Distribute $8$ to each terms inside the parenthesis

$8v+432-32v=240$

Combine like terms

$432-24v=240$

Now, let’s isolate the $v$ by subtracting $432$ on both sides.

$432-24v-432=240-432$ $-24v=-192$

Then divide both sides by $-24$,

$\dfrac{-24}{-24} = \dfrac{-192}{-24}$

And we’ll have

$v = 8$

Then, let’s plug the value of $v$ into one equation to get the value of $b$.

$4v+b=54$ $4(8)+b=54$ $32+b=54$ $b=22$

Students in each van= $8$

Students in each bus= $22$

## Video-Lesson Transcript

To solve a word problem using system of equations, it is important to:
1. Identify what we don’t know
2. Declare variables.
3. Use sentences to create equations.

Let’s have an example:

Mary and Jose each bought plants from the same store. Mary spent $\188$ on $7$ cherry trees and $11$ rose bushes. Jose spent $\236$ on $13$ cherry trees and $11$ rose bushes. Find the cost of one cherry tree and the cost of one rose bush.

Let’s solve this by following steps above.

1. What we don’t know:
cost of a cherry tree
cost of a rose bush

2. Declare variables:
cost of a cherry tree : $x$
cost of a rose bush : $y$

3. Use sentences to create equations.

For Mary:
$7$ cherry trees and $11$ rose bushes $= \188$
$7x + 11 y = 188$

For Jose:
$13$ cherry trees and $11$ rose bushes $= \236$
$13x + 11 y = 236$

Now, we have a system of equations

$7x + 11y = 188$
$13x + 11y = 236$

We can solve this by process of substitution, elimination or fraction.

Since the value of $y$ is the same for both equations, let’s do the process of elimination.

First, let’s multiply the first equation by $-1$

$-1 (13x + 11y = 236)$

Here we’ll have a negated equation

$-13x - 11y = -236$

Let’s do the process of elimination now

$7x + 11y = 188$
$+ {-13x} + 11y = 236$

We’ll have

$6x = -48$

Then, let’s isolate $x$ by dividing both sides by $-6$

$\dfrac{-6x}{-6} = \dfrac{-48}{-6}$

Now, we have

$x = 8$

Remember, our declared variable?

cost of a cherry tree : $x$

Since $x = 8$

Now we can say that

cost of a cherry tree : $= 8$

Now, let’s solve for the value of $y$ by getting one equation and plugging the value of $x$.

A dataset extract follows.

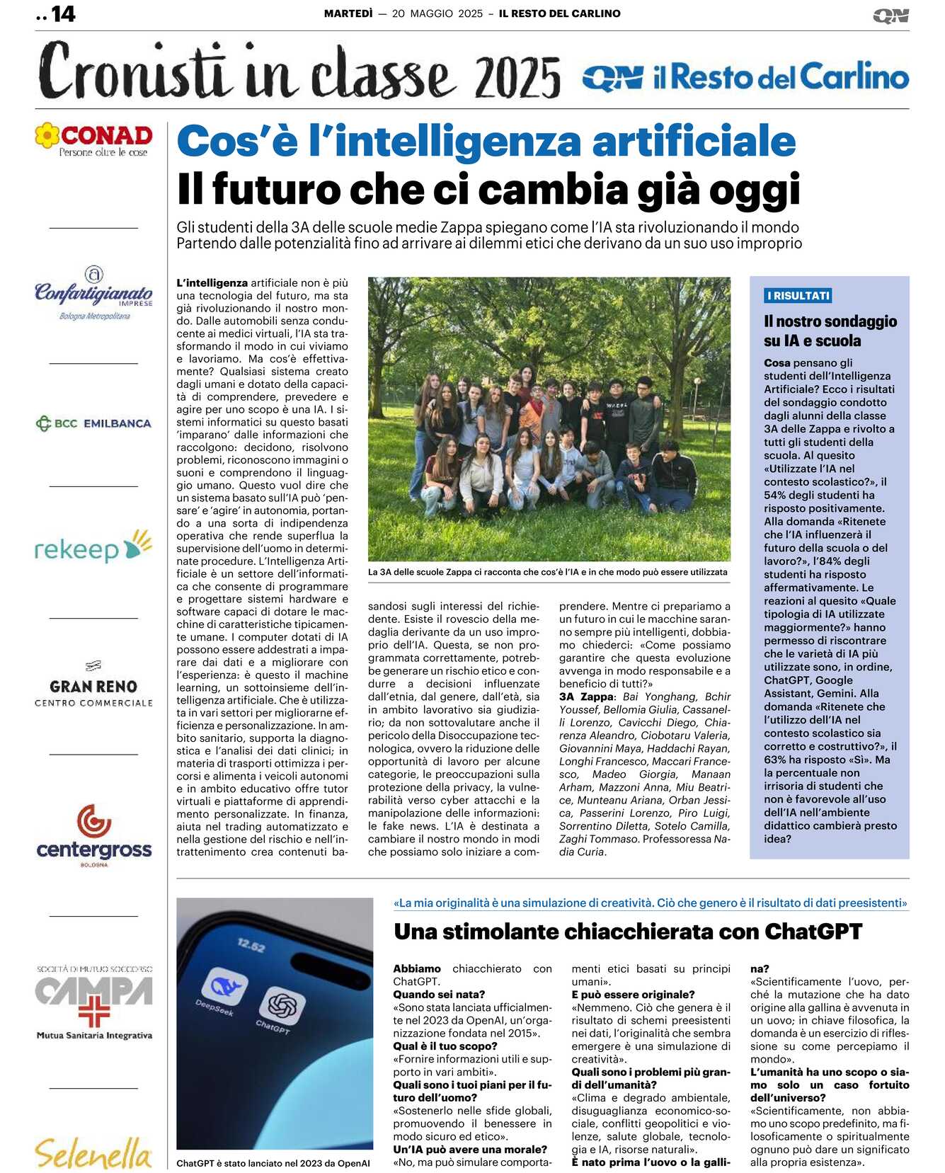 Gli studenti della 3A delle scuole medie Zappa spiegano come l’IA sta rivoluzionando il mondo Partendo dalle potenzialità fino ad arrivare ai dilemmi etici che derivano da un suo uso improprio

Let’s use the first equation to plug in $x = 8$

$7x + 11y = 188$ $7(8) + 11y = 188$ $56 + 11y = 188$

Let’s isolate $y$ by subtracting $56$ on both sides of the equation

$56 - 56 + 11y = 188 - 56$ $11y = 132$

Then divide by $11$

$\dfrac{11y}{11} = \dfrac{132}{11}$

And we get

$y = 12$

Now, we know that cost of a rose bush is $12$.